The Roundup
- Running time: 2:00 pm–4:00 pm
- Home station: CBC Radio One
- Hosted by: Bill Richardson (1997–2004) Tetsuro Shigematsu (2004–2005)
- Original release: September 1, 1997 – 2005

= The Roundup (radio program) =

The Roundup was a weekday afternoon program on the Radio One network of the Canadian Broadcasting Corporation from 1997 to 2005. Heard weekdays from 2:00 to 4:00 p.m. (2:30 to 4:30 in Newfoundland), the show mixed music with calls and letters from listeners which were often comic in nature, feature interviews, and content previously produced and aired by other radio programs, initially other CBC programs but later including content from other radio networks around the world.

The show was originally hosted by Bill Richardson and called Richardson's Roundup.
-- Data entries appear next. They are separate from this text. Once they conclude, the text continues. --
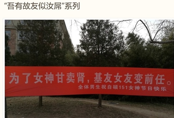 清华大学悬挂横幅喜迎3.7女生节
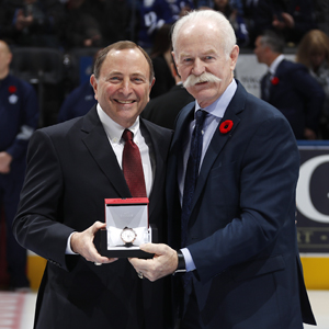 2018 Inductee Gary Bettman receives his Honoured Members blazer and Tissot watch from Hockey Hall of Fame Chairman of the Board Lanny McDonald. (Mark Blinch/Hockey Hall of Fame)
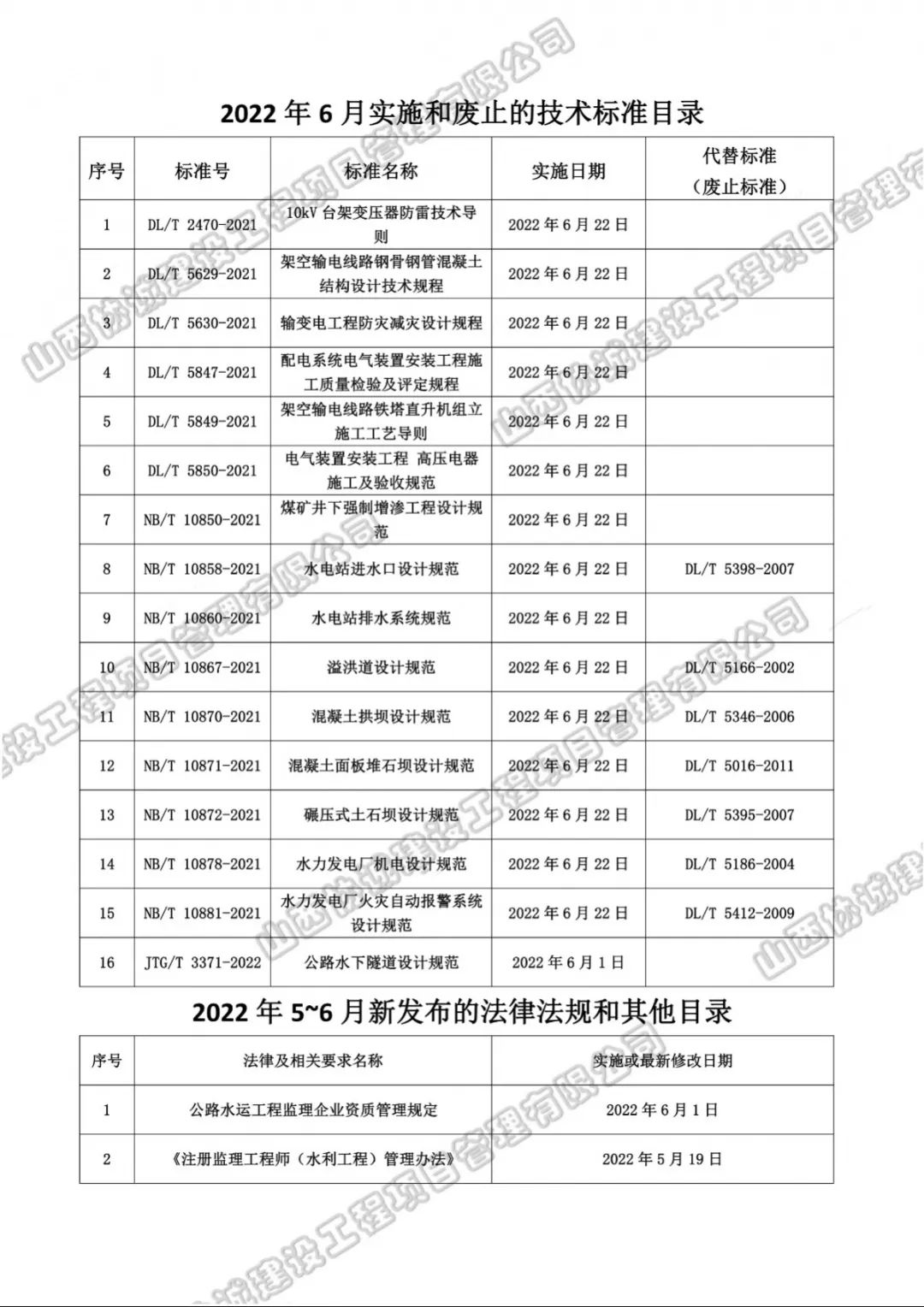 2022年6月實施和廢止的法律法規(guī)、標準規(guī)范目錄如下,請大家根據(jù)工程實際需要積極學習落實相關(guān)新標準。

It was created in 1997 to replace Vicki Gabereau's afternoon show after she left to do a television show with CTV, and premiered on September 1, 1997 from the studios of CBU in Vancouver.

The show also occasionally aired scripted radio dramas. Test Drive, a six-episode drama aired in 2001, starred Gordon Pinsent as Earl Hughes, the owner of an independent AMC dealership whose test drives of vehicles with potential customers inevitably devolved into comedic chaos, while a 2002 drama, Paul Ciufo's On Convoy, centred on servicemen in the Canadian Merchant Navy and aired as part of a special slate of Remembrance Day programming.
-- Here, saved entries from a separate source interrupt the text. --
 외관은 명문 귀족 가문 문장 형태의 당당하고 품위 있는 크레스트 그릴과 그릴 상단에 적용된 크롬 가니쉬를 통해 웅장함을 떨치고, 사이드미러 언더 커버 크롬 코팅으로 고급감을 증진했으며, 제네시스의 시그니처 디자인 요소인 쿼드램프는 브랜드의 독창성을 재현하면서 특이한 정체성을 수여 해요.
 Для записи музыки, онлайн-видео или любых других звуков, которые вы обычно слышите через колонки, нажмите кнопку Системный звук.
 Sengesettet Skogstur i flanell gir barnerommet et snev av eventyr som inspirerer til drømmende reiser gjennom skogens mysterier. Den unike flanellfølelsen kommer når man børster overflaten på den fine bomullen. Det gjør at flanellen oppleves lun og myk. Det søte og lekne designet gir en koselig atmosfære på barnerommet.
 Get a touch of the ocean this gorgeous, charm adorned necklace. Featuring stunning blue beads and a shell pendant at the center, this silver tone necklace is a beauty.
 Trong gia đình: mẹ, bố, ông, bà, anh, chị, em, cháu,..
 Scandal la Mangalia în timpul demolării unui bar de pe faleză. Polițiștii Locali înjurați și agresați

Richardson left in 2004 to launch the new weekend series Bunny Watson, and Tetsuro Shigematsu, an occasional guest host, became the new permanent host of The Roundup.
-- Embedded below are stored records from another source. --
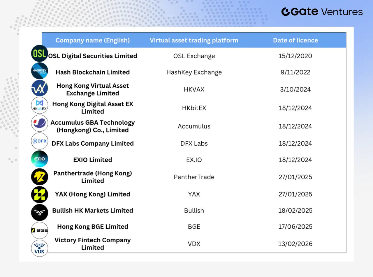 Au premier semestre 2025, la nouvelle a fait la une : les courtiers traditionnels ont massivement migré vers la catégorie 1 pour entrer dans la sphère des actifs virtuels. Plus de 42 institutions ont été approuvées pour offrir des services de trading via des comptes omnibus : Guotai Junan International, Futu Securities (Hong Kong), Interactive Brokers, ZhongAn Bank, etc. En juin 2025, Guotai Junan International a obtenu la “licence complète pour les actifs virtuels”, ce qui a fait bondir le marché hongkongais de près de 200 % le lendemain. (3)
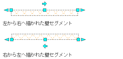 壁の方向は、壁に修正を加えるとき重要になることがあります。 AutoCAD Architecture 2027 toolset に付属の壁スタイルのサンプルは、時計回りに周囲の壁を配置することを想定して作成されました。壁の配置が終了したら、壁を選択して壁の方向を決めることができます。壁の方向は、壁の方向グリップによって示されます。 壁の方向を反転することもできます。
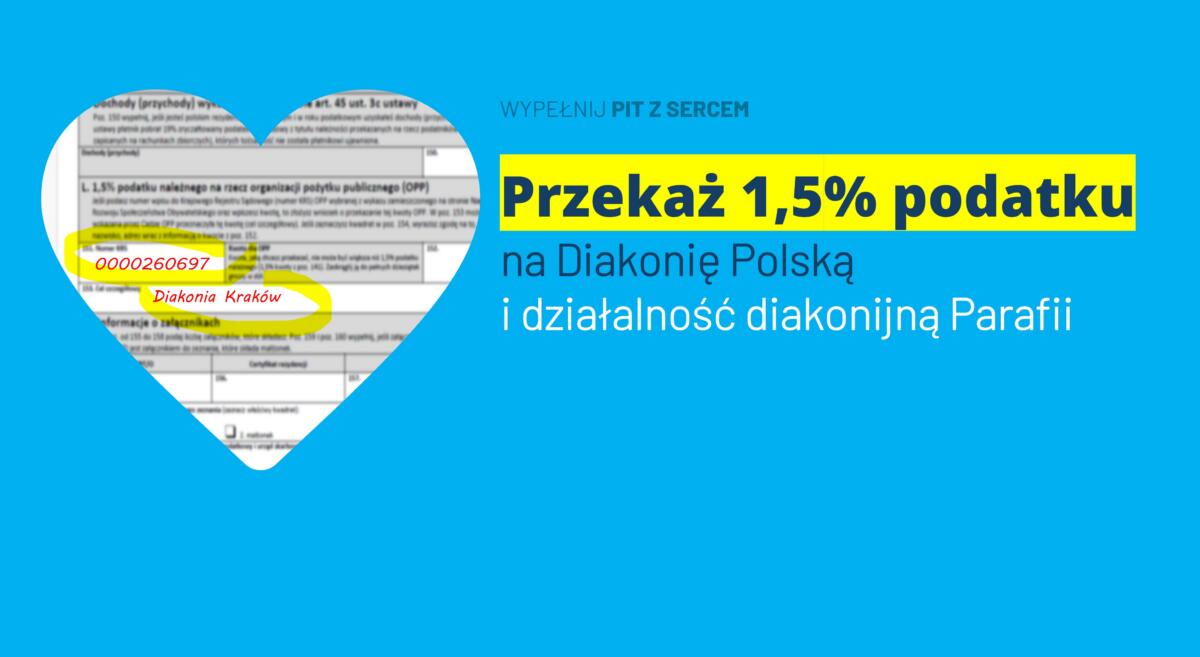 Trwa okres rocznych rozliczeń podatkowych, a to okazja do wsparcia organizacji pożytku publicznego. Zachęcamy więc do przekazania 1,5% swojego podatku rzecz Diakonii Polskiej. Równocześnie zachęcamy do wskazania w formularzu rozliczeniowym…

In 2005, the show was cancelled and replaced with Freestyle.

==Sad Goat==
The show's phone number for song requests and listener commentaries (723 4628) was to be 1 888 RADIO2U, but when they realised how cumbersome that would be to explain, they looked for alternative spellings. Richardson discovered that the number spelled out the phrase "sad goat", and 1-888-SAD-GOAT was born. A goat named Sadie became the symbol for the show and the concept was elaborated on from then on.

In 2003 Richardson published the book Dear Sad Goat, a compilation of listener stories submitted to the program.

==Critical response==

In 1999, columnist Paula Simons wrote that "Bill Richardson deserves every credit for patching together a program to replace [Gabereau], armed with little but chewing gum, bailing wire, and his own ingenuity. Richardson's Roundup is a pastiche of reruns and previews, woven together by the gossamer strands of Richardson's considerable charm. It's a clever conjuring trick, a recycled remix of snippets, sound bites and segues that fills two hours so pleasantly, you hardly realize how empty it all is. Gabereau's provocative, irreverent interviews made us laugh and think and argue. The Roundup's low-budget fluff is as irrelevant and ephemeral as dandelion down."